In reversing and remanding the Commission's 22 February 2010 Opinion and Award our Court recommended that the Commission address all of the Russell methods. In Tincher I, we noted that the Commission had established that plaintiff found employment subsequent to his injury; therefore, it was possible plaintiff might satisfy the fourth prong of Russell. But, because no findings were made regarding plaintiff's wages prior to his injury, there was no way to compare his pre- and post-injury earning capacity. Tincher, No. COA10–548, 2011 WL2230488, at *5–6. We also noted that because the Commission's findings showed that plaintiff had been able to perform some work after his injury, he may have satisfied the second or third prong of Russell. Id. at *6. On remand, the Commission was directed to make additional findings of fact, and draw conclusions of law based on those additional findings. Id. at *7.

On remand, in its 26 April 2012 opinion and award, the Commission made the following relevant findings of fact and conclusions of law:

5. N.C. Gen Stat. § 97–2(5) sets forth five methods for calculating average weekly wage. In order to employ the first two methods listed under that section, the employee must have worked for the employer for 52 weeks prior to the date of injury. As plaintiff in the instant matter worked for defendant-employer for fewer than 52 weeks, methods one and two are not applicable. [R p 109–110].

6. The third method set forth in N.C. Gen.Stat. § 97–2(5) is applicable where the employment prior to the injury extended over a period of fewer than 52 weeks.... The application of the third method ... results in an average weekly wage of $554.81 [for pre-injury wages].

...

20. [T]he Full Commission finds that plaintiff's work-related exposure to the industrial coolant either caused or significantly contributed to his chronic contact dermatitis on both hands beginning approximately on November 1, 2006.

...

22. From January 2, 2007, ... until April 9, 2007, plaintiff did not seek to be placed in any other assignments with defendant-employer.... [I]f an employee does not call and identify himself as available for work on a weekly basis the employee is placed on an inactive status after sixty days of no contact and will not be placed on an assignment. Plaintiff did not contact defendant-employer ... and when defendant-employer contacted him to see if he was available for placement on another assignment, plaintiff indicated that he was not.

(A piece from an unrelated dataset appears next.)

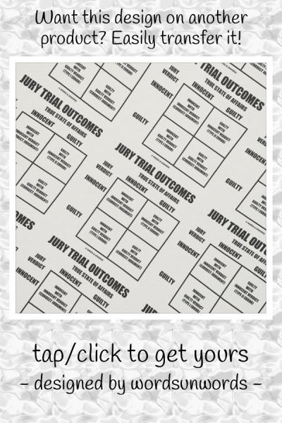 No need to have done jury duty to enjoy this educational statistical error summarized "Jury Trial Outcomes" fabric featuring jury verdict versus true state. Fabric for anyone who knows about hypothesis testing outcomes as applied to guilty or innocent verdicts in the court system. Make others do a double-take about jury trial outcomes the next time you create and make with this informative fabric. myMathematician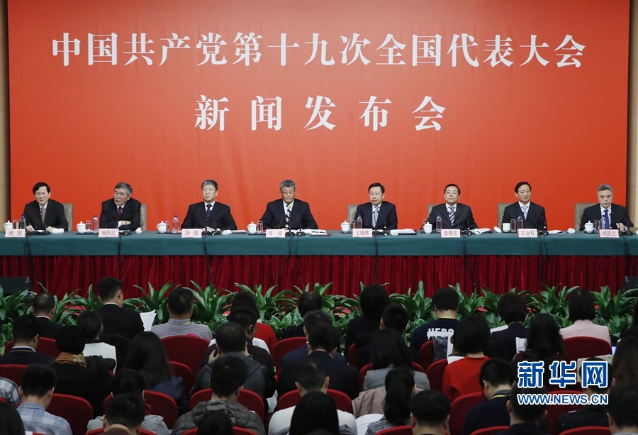 10月26日,中国共产党第十九次全国代表大会新闻发言人庹震召开专题新闻发布会,请中央纪委副书记肖培,中央政策研究室常务副主任、中央宣传部副部长王晓晖,中央文献研究室主任冷溶,国务院法制办公室党组书记、副主任袁曙宏,中央财经领导小组办公室副主任杨伟民,中央纪委驻国资委纪检组组长、国资委党委委员江金权解读十九大报告,并回答记者提问。新华社记者 沈伯韩 摄

23. Plaintiff initially testified before Deputy Commissioner Homick that he did not seek employment between December 21, 2006 and April 9, 2007, but subsequently indicated that he remembered that he and his brother “tried and looked for several different jobs in the construction business.” When asked to be more specific about the number of jobs he applied for during this time period, plaintiff indicated that it was “about five.” Based upon the preponderance of the evidence, in view of the entire record, the Full Commission finds that plaintiff did not make a reasonable effort to obtain employment during the period from December 22, 2006 through April 8, 2007.

...

25. Plaintiff's work hours with K & M Enterprises varied ... Based upon the best evidence available, and employing the third method of calculating average weekly wage set forth in N.C. Gen.Stat. § 97–2(5), the Full Commission finds that plaintiff's average weekly wage while employed by K & M Enterprises was $328.57.

...

29. The evidence shows that plaintiff worked for Ms. Sluder ... [and based on testimony by Ms. Sluder and plaintiff] the Full Commission finds that plaintiff's average weekly wage while working for Ms. Sluder was $120.00. This is the same figure that would be arrived at by employing the third method of calculating average weekly wage set forth under N.C. Gen.Stat. § 97–2(5).

...

32. .... Plaintiff ... indicates that he was unable to find further work after his employment with R & M Enterprises ended[ .] “Plaintiff is unable to recall and/or produce any further information in regards to employers consulted.”

34. Based upon the preponderance of the evidence, in view of the entire record, the Full Commission finds that at no time would it have been futile for plaintiff to seek other employment due to preexisting conditions such as age, inexperience or lack of education. Plaintiff is 40 years old, and there is no evidence to suggest that his age precluded him from being considered for employment he could reasonably seek. Plaintiff's educational background, which includes completion of high school as well as some community college coursework, and his extensive work experience, similarly would not prevent him from being considered for employment. Furthermore, there is no evidence showing that plaintiff has a pre-existing health condition that would preclude him from obtaining employment which he could reasonably seek.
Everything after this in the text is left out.